OP-ED: Out-of-state pro athlete’s workers’ comp claims put stress on California’s system. By Gary L. Toebben Monday, July 29, 2013

Professional sports are part of the excitement Los Angeles offers to residents and visitors. We have the privilege of cheering for some of the world’s best teams and finest athletes right here in our backyard.

What most of us did not know until recently was that our state workers’ compensation laws allow professional players from teams in 49 other states to file claims within California for the same workers’ compensation benefits that the hardworking citizens of California rely on.

Recent media reports have outlined the generous payouts, typically six figures, that out-of-state athletes have received for playing as little as one to two games or even one inning in California. Due to a loophole in the state’s workers’ compensation system, these athletes are able to file claims for “cumulative trauma” or nonspecific injuries in California and then file the same or a similar claim in their home state. To date, 4,500 claims have been filed, resulting in $747 million in payouts, with an additional 5,000 cases pending.

Loophole exists

Because this loophole exists, athletes use it. Terrell Davis played his entire National Football League career for the Denver Broncos – but received $199,000 in California. Moses Malone excelled for numerous out-of-state National Basketball Association teams – but was awarded $155,000 in California. Michael Irvin played for the NFL’s Dallas Cowboys and danced on “Dancing With the Stars” – then received $249,000 in California.

Assemblyman Henry T. Perea (D-Fresno) has introduced AB 1309 to close this loophole and put into place clear, common-sense jurisdictional standards for when professional athletes should be able to claim benefits in our state. The Los Angeles Area Chamber of Commerce fully supports this legislation.

Opponents of the bill argue that workers’ comp is funded by team employers and their insurers, not directly by taxpayers, and it shouldn’t matter that California has been become a magnet for billions of dollars in out-of-state pro-athlete claims.

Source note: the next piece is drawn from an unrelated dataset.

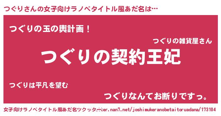 | ファンタジー風あだ名 | 『ツグディッシュ』『ユリツグヴァット』 |

This argument ignores the extra cost to fans who purchase tickets and the impact this loophole has on the integrity of the workers’ comp system for all employers in the state. The California Insurance Guarantee Association pays all claims if an insurance company goes insolvent – through a surcharge on all California businesses. That total to date is $70 million and growing. As more claims are filed, insurers will feel increased pressure to raise workers’ compensation rates on all employers to cover these costs.

California’s employers and employees are the lifeblood of our state and it is only fair that we do everything in our power to protect their benefits under our workers’ compensation system. AB 1309 does that by freeing our system from unjustified claims by professional athletes who play for teams located outside of California.

Gary L. Toebben is president and chief executive of the Los Angeles Area Chamber of Commerce.